Am Abend hatten wir mit der One-Man-Band von Helmut Schober einen wunderschönen Abschluss des Tages.

Do. 12.09.2019
Bad Ischl war heute unser erstes Ziel. Wir fuhren mit dem Kaiserzug vom Busterminal aus durch Bad Ischl und sahen u.a. die Kaisertherme, die Trinkhalle, den Kurpark und die Lehar Villa. Nach der Fahrt hatten wir noch Zeit zur freien Verfügung, um selbstständig Bad Ischl zu erkunden. Einige besichtigten die Kaiservilla, den Park und die Sommerresidenz von Kaiserin Sisi und Kaiser Franz Joseph. Das Kaiserpaar verbrachte hier die Sommermonate jenseits der starren Rituale, die in der Wiener Hofburg herrschten.

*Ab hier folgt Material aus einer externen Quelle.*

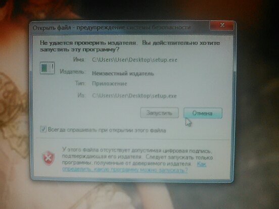 Комментарий к файлу: При нажати запуска установки.
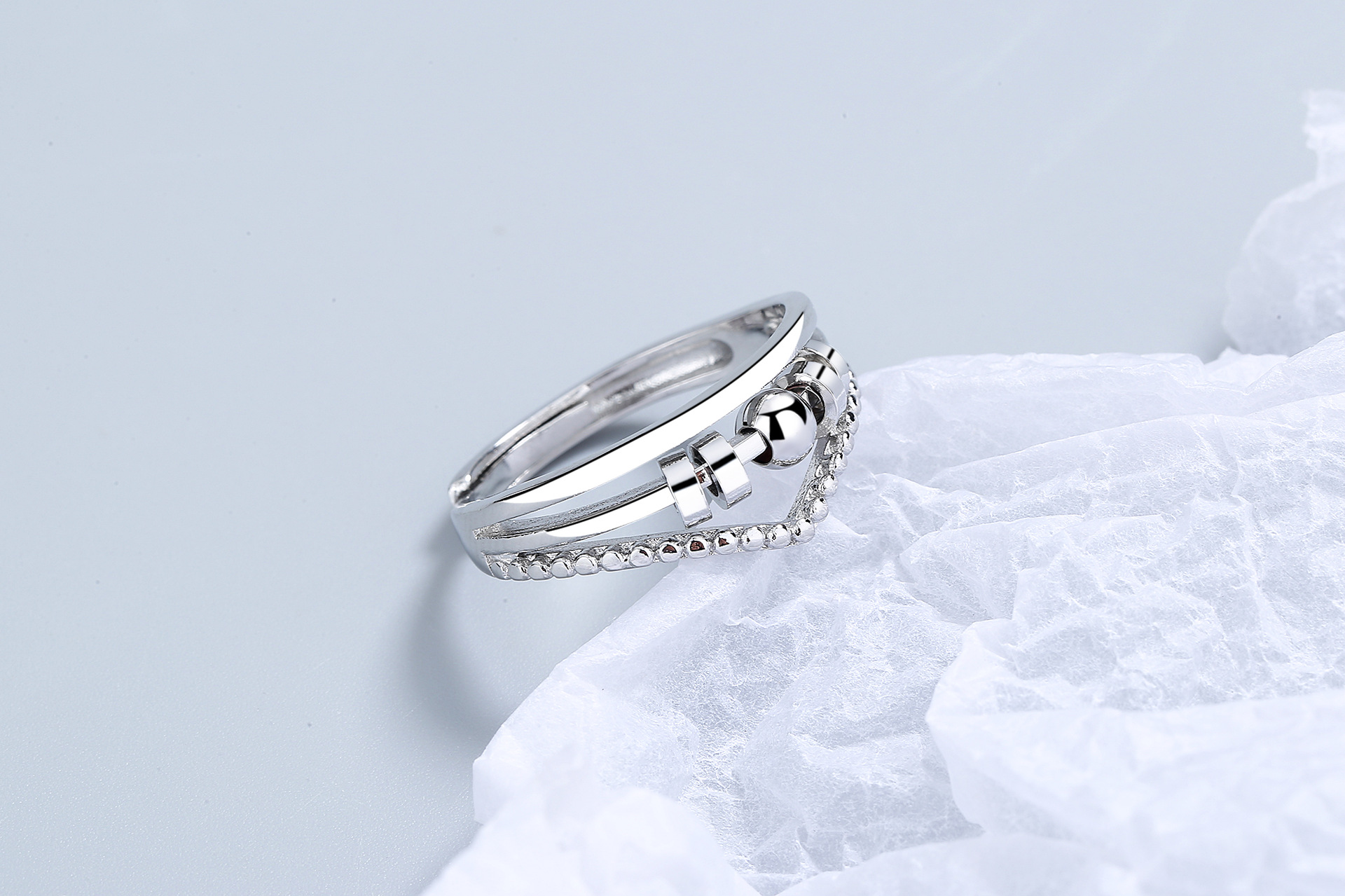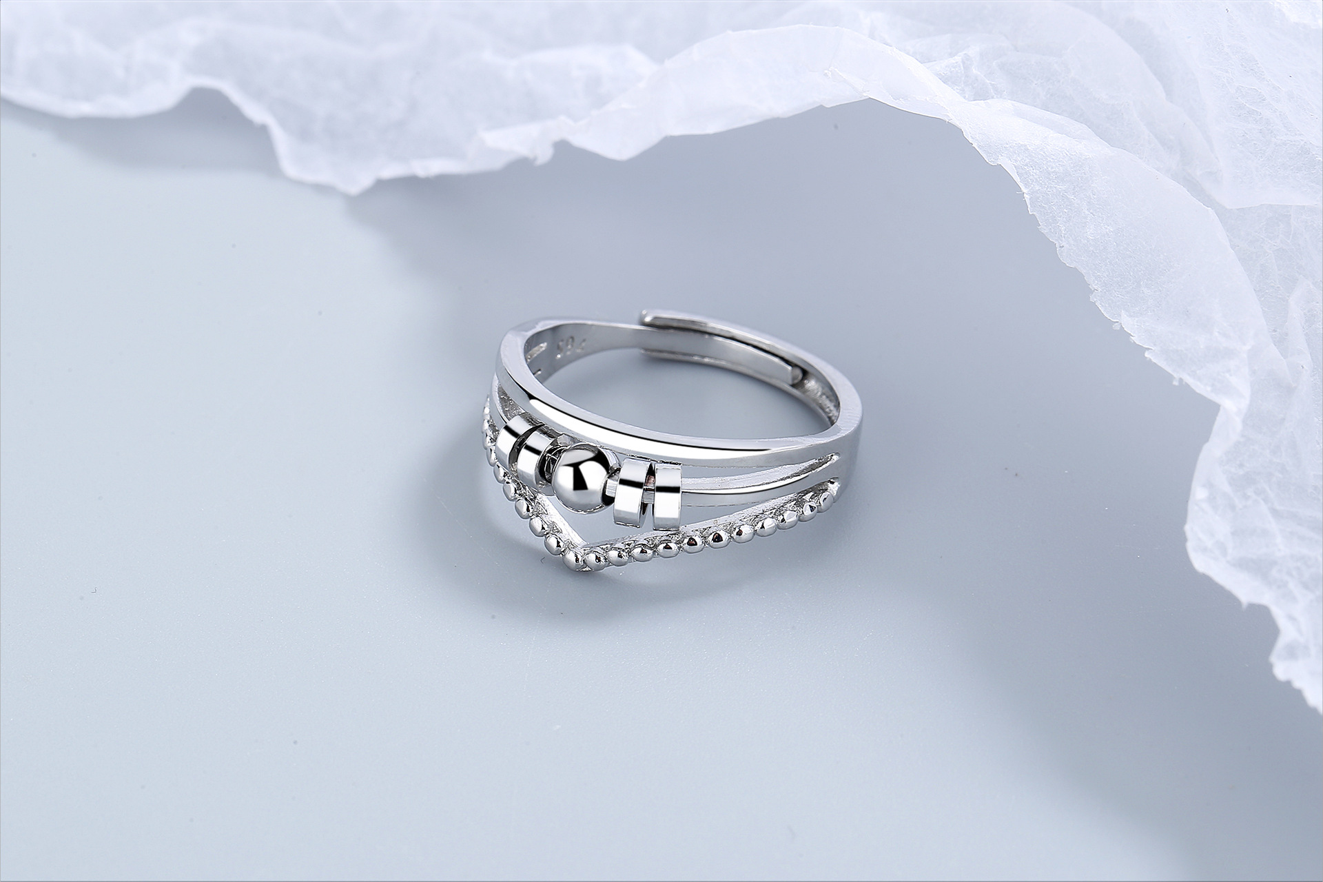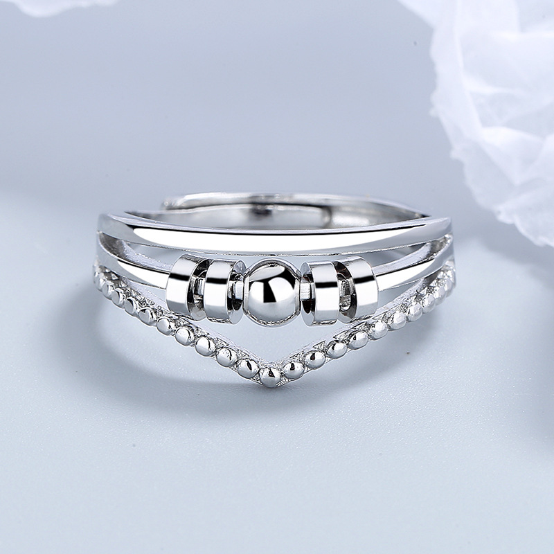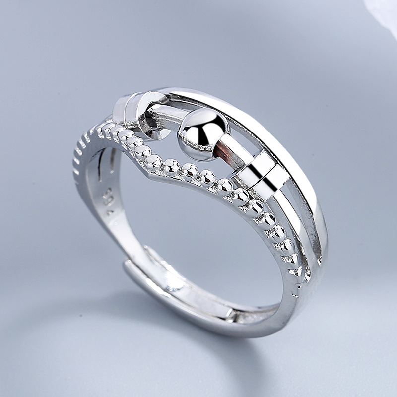 Anneau anti-stress réglable avec perles rotatives Silver

Anschließend fuhren wir nach St. Wolfgang, um mit dem Schiff von St. Wolfgang nach St. Gilgen zu fahren. Die Schifffahrt war leider kein positives Erlebnis, da wir trotz Reservierung nicht genug Sitzplätze für unsere Gruppe hatten. Fazit: Wären wir mit dem Bus ein Stück um den See gefahren, wäre dies ein schöneres Erlebnis gewesen, aber hinterher ist man immer schlauer.

Fr. 13.09.2019
Heute hatten wir um 9.15 Uhr eine Führung bei der Fa. Lodenwalker in Ramsau. Hier wurde uns in den Produktionsräumen die Verarbeitung der Rohwolle bis zum fertigen Loden gezeigt. Dies geschieht überwiegend mit Maschinen, die aus der ersten Hälfte des 20. Jahrhunderts stammen. Der Vorteil dieser alten Maschinen ist, dass die Wolle besonders schonend behandelt wird, daher entstehen weniger Einbußen in der Qualität. Danach hatten wir noch Zeit die Verkaufsräume zu besuchen oder konnten eine Erfrischung im Gasthaus einnehmen.

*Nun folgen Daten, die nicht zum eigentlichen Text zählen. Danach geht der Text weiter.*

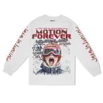Long sleeve shirt is made from 100% heavyweight cotton, constructed for a structured fit and lasting durability. This garment features oversized MotionForever graphics printed on the chest, back, and sleeves. Order true to size.
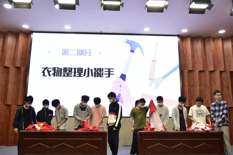 “卷死其他队”“爆炒飞扬队”“今年的冠军队”“叠衣狂人队”……新颖奇特的队名赚足了现场观众的眼球。“嘘!”随着一声哨响,紧张的叠衣服比赛开始了,现场的气氛顿时紧张起来,只见选手们动作娴熟,一气呵成,纷纷拿出超常的本领,以最快的速度将衣服叠好。

Am Nachmittag wurden wir mit drei Pferdekutschen beim Hotel abgeholt und fuhren zur Unterhofalm. Diese liegt auf 1.280 Metern am Fuße der Bischofsmütze und ist ca. 6 km von Filzmoos entfernt. Die Almhütte wurde im Jahr 1776 erbaut und liegt ganz in der Nähe der Oberhofalm. Ein wunderschöner Themen-Rundweg führte zum nahegelegenen Almsee mit kleiner Kapelle. Wir genossen alle die malerische Landschaft und das gute Wetter. Es waren sich alle einig, dass der Abschluss unserer Mehrtagesfahrt nicht schöner hätte sein können.

Sa. 14.09.2019
Nach einem letzten guten Frühstück im Hotel wurden alle Koffer im Bus verstaut und es ging wieder Richtung Heimat.